Das nämlich ist das eigentliche Wunder dieses rätselhaft verunglückten Buches: dass alles ausbleibt, was es retten könnte. Für den Leser freilich ein blaues Wunder. Zunehmend fassungslos verfolgt man der Verwandlung eines Romans in ein Referat, das in etwa den frei schwadronierten Stand der Dante-Forschung wiedergibt. Nichts, was sich nicht auch in einer gut kommentierten Werk-Ausgabe wiederfände. Dafür viele halbgare Gedankensplitter, die der Autorin bei ihrer fleißigen Lektüre zugefallen sein mögen: wenn sie sich genüsslich ausmalt, wo die Nazi-Schlächter in der Hölle einzuquartieren wären, wenn sie zeitgenössische Parallelen zieht, oder sub specie aeternitatis darüber sinniert, was bleibt und jede Wette eingeht, „dass die lächerlichen Blasebalgobjekte von Jeff Koons schon bald auf die Mülldeponien wandern, während sich die goldrauschende Verkündigung von Fra Angelico noch etliche hundert Jahre wird halten können.“ Stoff für Reden, Vorträge, Essays, nichts, was einem die Flämmchen pfingstlicher Erleuchtung aufsetzen würde.

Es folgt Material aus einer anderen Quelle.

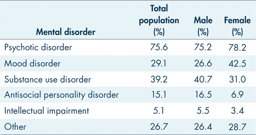 The National Trajectory Project (NTP) (Crocker et al., 2015; Nicholls et al., 2015) examined NCR accused in Canada across Quebec, Ontario, and British Columbia. There was a greater proportion of male (84.4%) to female (15.6%) NCR accused. This finding converges with several other studies (Livingston, Wilson, Tien, & Bond, 2003; Latimer & Lawrence, 2006; Miladinovic & Lukassen, 2014). The average age reported was 36.56 years, with the age of women (40.6) being older at the time of index offence than men (35.8). Approximately one-half graduated from high school overall; more women (60.1%) graduated than men (47.3%). The data indicated that most persons found NCR were single (83.6%), with the remainder being in a relationship (16.4%). The primary diagnosis at the time of NCR finding included psychotic spectrum disorder (70.9%), mood spectrum disorder (23.2%), substance abuse disorder (30.8%), personality disorder (10.6%), and combinations of the previous. Index offences at NCR finding involved a greater number of crimes against persons (64.9%) than property offences (16.9%) and other criminal code violations (18.2%). Supporting other studies, assault accounted for one-quarter to one-third of all index offences across the three provinces (Livingstone et al., 2003; Crocker et al., 2011).
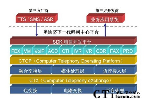 傳統(tǒng)型的語(yǔ)音交換機(jī)在設(shè)計(jì)之初,只側(cè)重于語(yǔ)音交換能力,并沒(méi)有考慮到呼 叫中心這種需要集成數(shù)據(jù)的應(yīng)用模式,因此基于傳統(tǒng) TDM 交換機(jī)的呼叫中心系 統(tǒng)都需要外掛 CTI 服務(wù)器,至于基于語(yǔ)音板卡、傳統(tǒng)型 IP-PBX 或軟交換的呼叫 中心系統(tǒng)也不例外。而奧迪堅(jiān) IP 呼叫中心平臺(tái)在設(shè)計(jì)伊始,就專門(mén)針對(duì)于呼叫 中心的應(yīng)用,在底層已經(jīng)將 PBX、CTI、IVR 等核心功能緊密地融合在一起了, 在系統(tǒng)集成度方面遠(yuǎn)遠(yuǎn)優(yōu)于傳統(tǒng) TDM 交換機(jī)、語(yǔ)音板卡、傳統(tǒng)型 IP-PBX 或軟 交換的解決方案。

Hinter Pappkameraden knistert das Papier

Das aber scheint das pädagogische Ziel der Autorin gewesen zu sein: Das Stimmengewirr zu lichten, gewissermaßen eine indirekte Übersetzung von Dantes sperrigem Werks zu liefern. Doch die 33 Experten, die sie dafür aufbietet, sind ein ästhetisches Himmelfahrtskommando. In drei mal 33 Gesänge und einen Prolog hat Dante seine Jenseitswelten eingeteilt. Die 33 Gelehrtenporträts, die der 34. im Bunde, Lewitscharoffs Erzähler, abklappert, würden selbst dann jeden dramaturgischen Rahmen sprengen, wenn sie weniger schießbudenartig aufgepeppt worden wären. Es sind Pappkameraden – auch wenn sich unter ihnen real existierende Exemplare finden, knistert hinter ihren bunten Physiognomien graues Papier.

Hin und wieder blitzen echte Bilder durch den trüben Bildungsdunst des Romans. Mit realen Erfahrungen hat Lewitscharoff ihren Protagonisten belehnt: Erinnerungen an eine bescheidene Dreizimmerwohnung in Stuttgart-Sillenbuch, an eine beengte Kindheitswelt. Einst hat die Autorin dieser Herkunfts-Hölle beglückende Romane abgerungen. Schmerzlich denkt man nun daran zurück. Um mit Dante zu reden: „Nessun maggior dolore // che ricordarsi del tempo felice // ne la miseria“ – kein größerer Schmerz, als sich im Unglück an glückliche Zeiten zu erinnern.